[Opening Dataset content section]

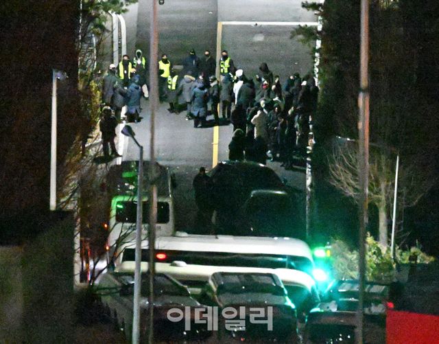 고위공직자범죄수사처와 경찰이 윤석열 대통령에 대한 2차 체포영장 집행에 나선 15일 오전 서울 용산구 한남동 대통령 관저 진입로에 경호처 관계자들이 대기하고 있다. (사진=이데일리 방인권 기자)
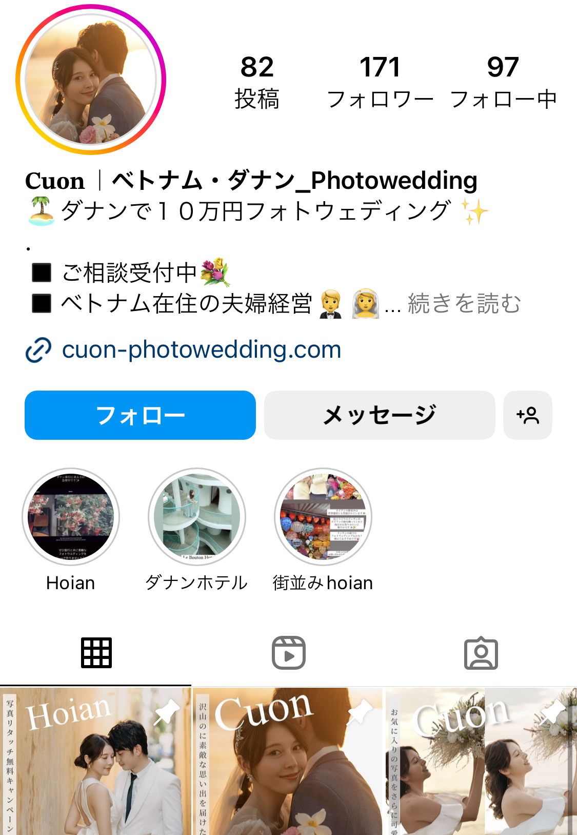 ダナン・ホイアンの日系フォトウェディング「Cuon」です。
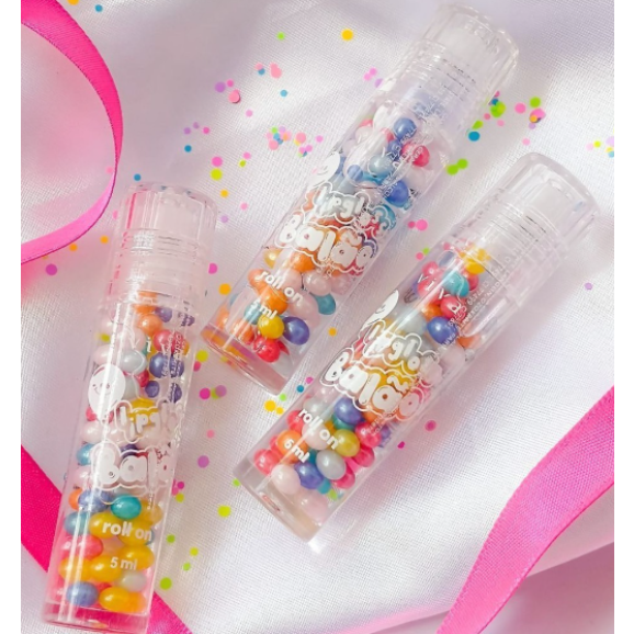 Gloss incolor com miçangas que imitam balões.
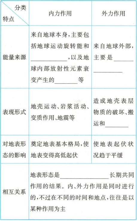 1.引力能 热能 太阳辐射能 堆积 内力与外力
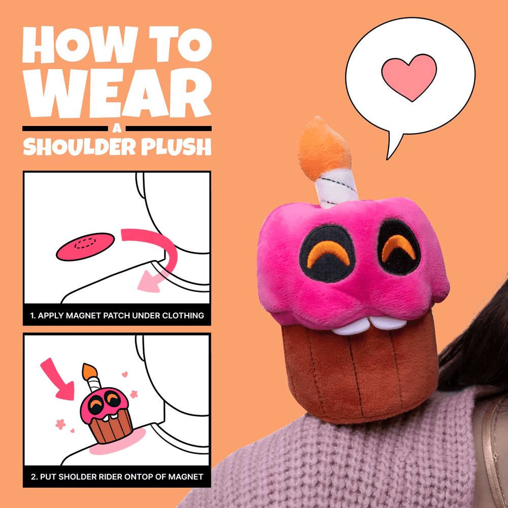 The Cupcake Shoulder Rider lands at Youtooz to make you the most stylish chica around! Plopped down at 6 inches tall it stares at you with its piercing eyes that glow a bright orange from their dark housing and perfectly contrast their frosted pink head! Topped with a single candle that stands tall and burns brightly, their buck teeth happily poke over a stripped brown casing. Each plushie is a minky material packed to the seams with the most huggable squishy 100% PP cotton and comes equipped with a magnetic disc to let it perch firmly atop your shoulder as the best accessory and a true testament to your love of the fandom!

[Closing Dataset content section]

▶ **Your task**: None of the images should be copied, but every entry must be given again exactly.

▶ **Response to the task**:
 고위공직자범죄수사처와 경찰이 윤석열 대통령에 대한 2차 체포영장 집행에 나선 15일 오전 서울 용산구 한남동 대통령 관저 진입로에 경호처 관계자들이 대기하고 있다. (사진=이데일리 방인권 기자)
 ダナン・ホイアンの日系フォトウェディング「Cuon」です。
 Gloss incolor com miçangas que imitam balões.
 1.引力能 热能 太阳辐射能 堆积 内力与外力
 The Cupcake Shoulder Rider lands at Youtooz to make you the most stylish chica around! Plopped down at 6 inches tall it stares at you with its piercing eyes that glow a bright orange from their dark housing and perfectly contrast their frosted pink head! Topped with a single candle that stands tall and burns brightly, their buck teeth happily poke over a stripped brown casing. Each plushie is a minky material packed to the seams with the most huggable squishy 100% PP cotton and comes equipped with a magnetic disc to let it perch firmly atop your shoulder as the best accessory and a true testament to your love of the fandom!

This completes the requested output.